INTERNAL AUDIT RESPONSIBILITY:
The scope of internal auditing encompasses, but is not limited to, the examination and evaluation of the adequacy and effectiveness of the College's governance, risk management, and internal controls as well as the quality of performance in carrying out assigned responsibilities to achieve stated goals and objectives. This includes:
- Evaluating risk exposure relating to achievement of strategic objectives.
- Evaluating the reliability and integrity of information and the means used to identify, measure, classify, and report such information.
- Evaluating the systems established to ensure compliance with those policies, plans, procedures, laws, and regulations which could have a significant impact on the Colleges.
- Evaluating the means of safeguarding assets and, as appropriate, verifying the existence of such assets.
- Evaluating the effectiveness and efficiency with which College resources are employed.
- Evaluating operations or programs to ascertain whether results are consistent with established objectives and goals and whether the operations or programs are being carried out as planned.
- Evaluating governance and risk management processes.
- Coordinating with external agencies, including the Auditor of Public Accounts and the Office of the Inspector General, to promote an efficient combined audit effort.
- Performing consulting and advisory services related to governance, risk management and controls as appropriate.
- Reporting periodically on the internal audit performance relative to its work plan.
- Reporting significant risk exposures and control issues, including fraud risks, governance issues, and other matters needed or requested by the Committee on Audit, Risk and Compliance.
- Evaluating specific operations at the request of the Committee on Audit, Risk and Compliance or management, as appropriate.
- Establishing and maintaining an internal audit quality review program to evaluate the operations of the department. An external assessment will be performed every five years and will be communicated to senior management and to the Committee on Audit, Risk and Compliance Chair.
INTERNAL AUDIT PLAN:
Annually, the Internal Audit Director will submit to the Committee on Audit, Risk and Compliance and senior management an internal audit plan for review and approval. The internal audit plan will represent a work plan for the next calendar year. The Director of Internal Audit will communicate the impact of resource limitations and significant interim changes to the Committee on Audit, Risk and Compliance and senior management, as appropriate. The internal audit plan will be developed based on a prioritization of the audit universe using a risk-based methodology, including input of the Committee on Audit, Risk and Compliance and senior management. The Director of Internal Audit will review and adjust the plan, as necessary, in response to changes in risks, operations, programs, systems, and controls. Any significant deviation from the approved internal audit plan will be communicated to the Committee on Audit, Risk and Compliance through periodic reports.
REPORTING AND MONITORING:
A written report will be prepared and issued by the internal audit department following the conclusion of each formal internal audit engagement and will be distributed as appropriate. Internal audit results will also be communicated to the Committee on Audit, Risk and Compliance. The internal audit report will include management’s response and corrective action taken or to be taken in regard to the specific findings and recommendations.

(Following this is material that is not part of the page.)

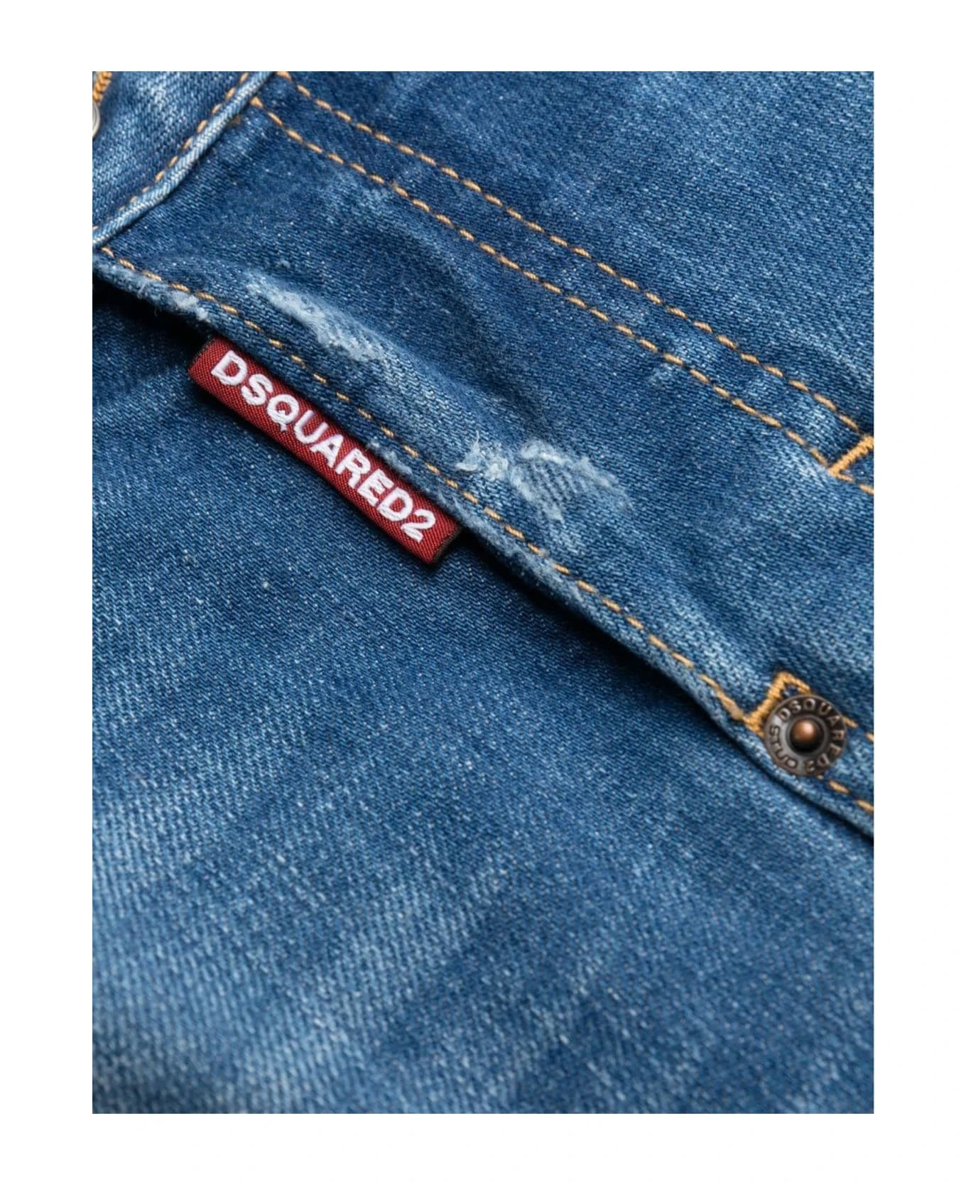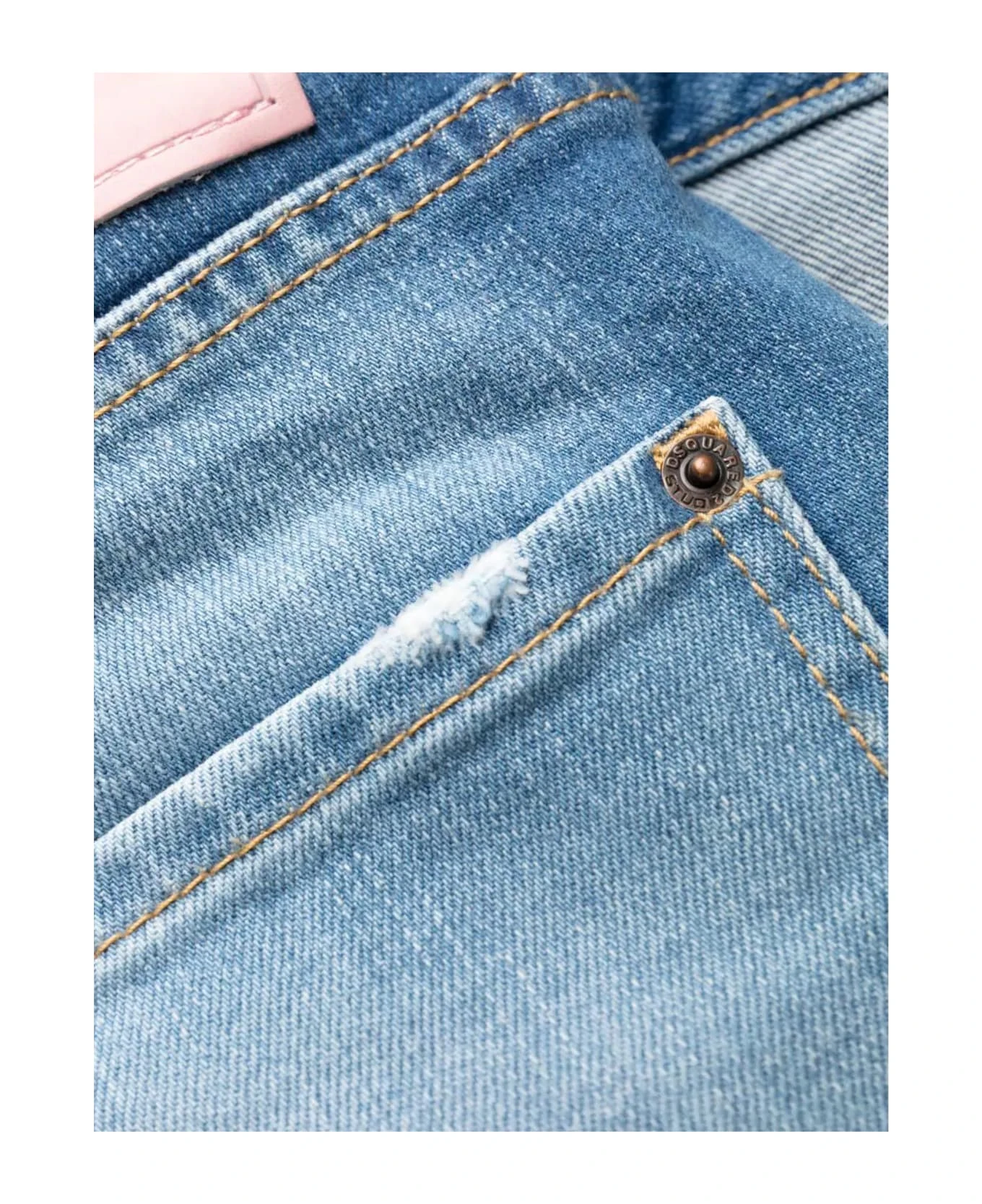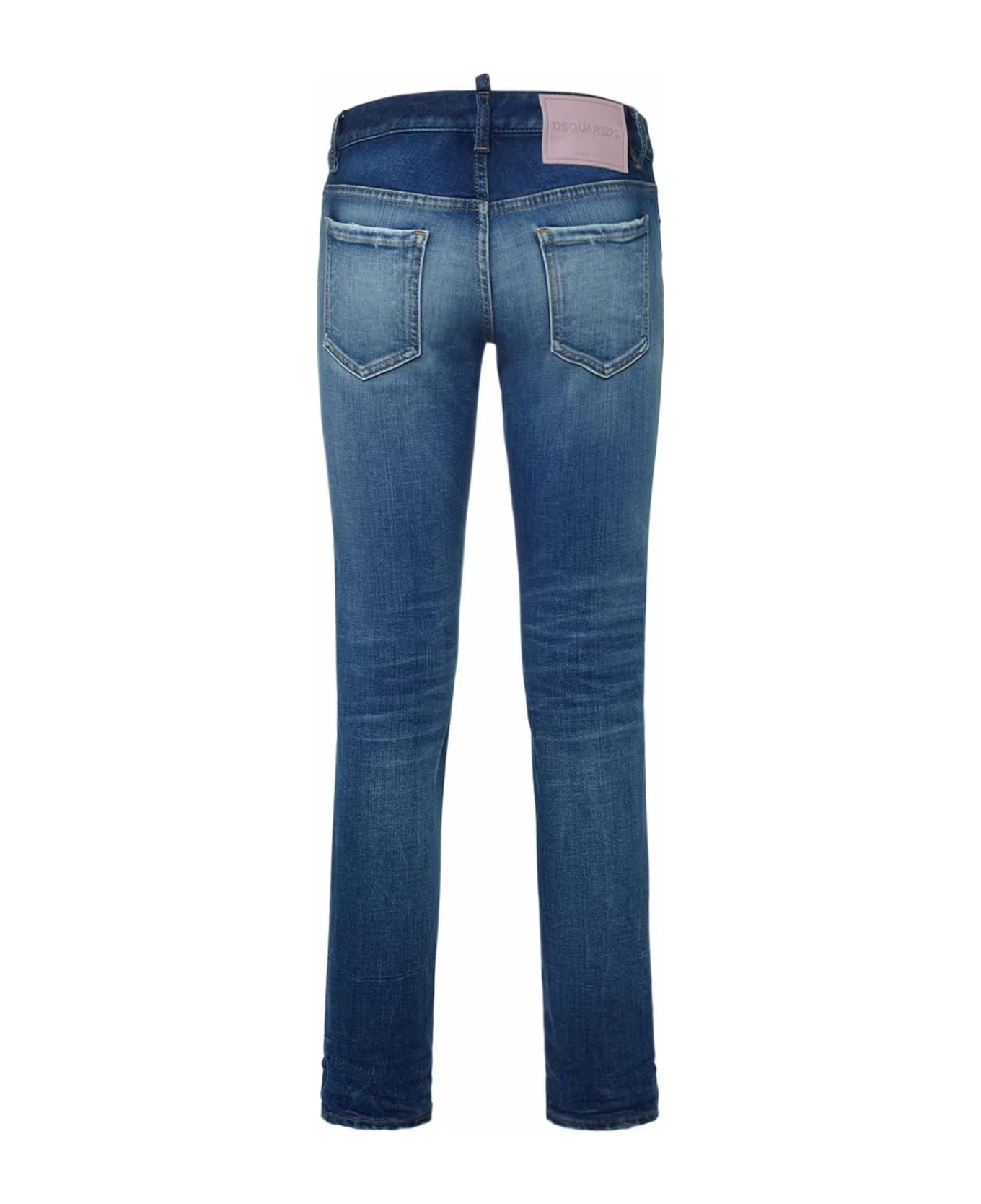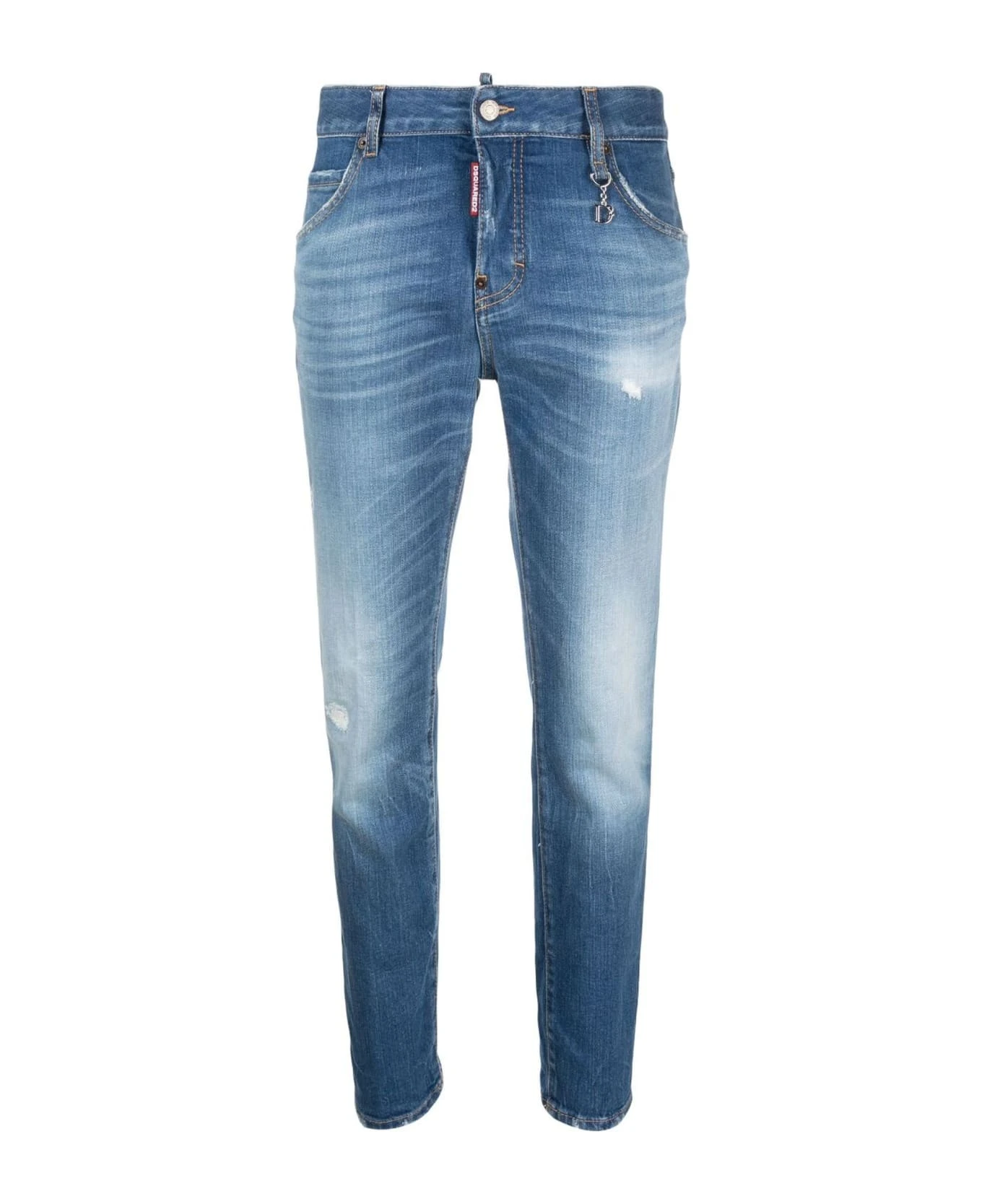 Light blue stretch-cotton denim jeans, stonewashed, crinkled finish, distressed effect, silver-tone logo plaque, mini logo tag, leather logo patch, belt loops, concealed front button fastening, mid-rise, tapered leg, classic five pockets

Internal audit will follow-up on audit findings and recommendations. The status of follow-up activity will be regularly reported to the Committee on Audit, Risk and Compliance. The Internal Audit Director will periodically report to the Committee on Audit, Risk and Compliance on internal audit activity, as well as performance relative to the annual plan. Reporting will also include significant risk exposures and control issues, including fraud risks, emerging trends, governance issues, and other matters needed or requested the Committee on Audit, Risk and Compliance or senior management.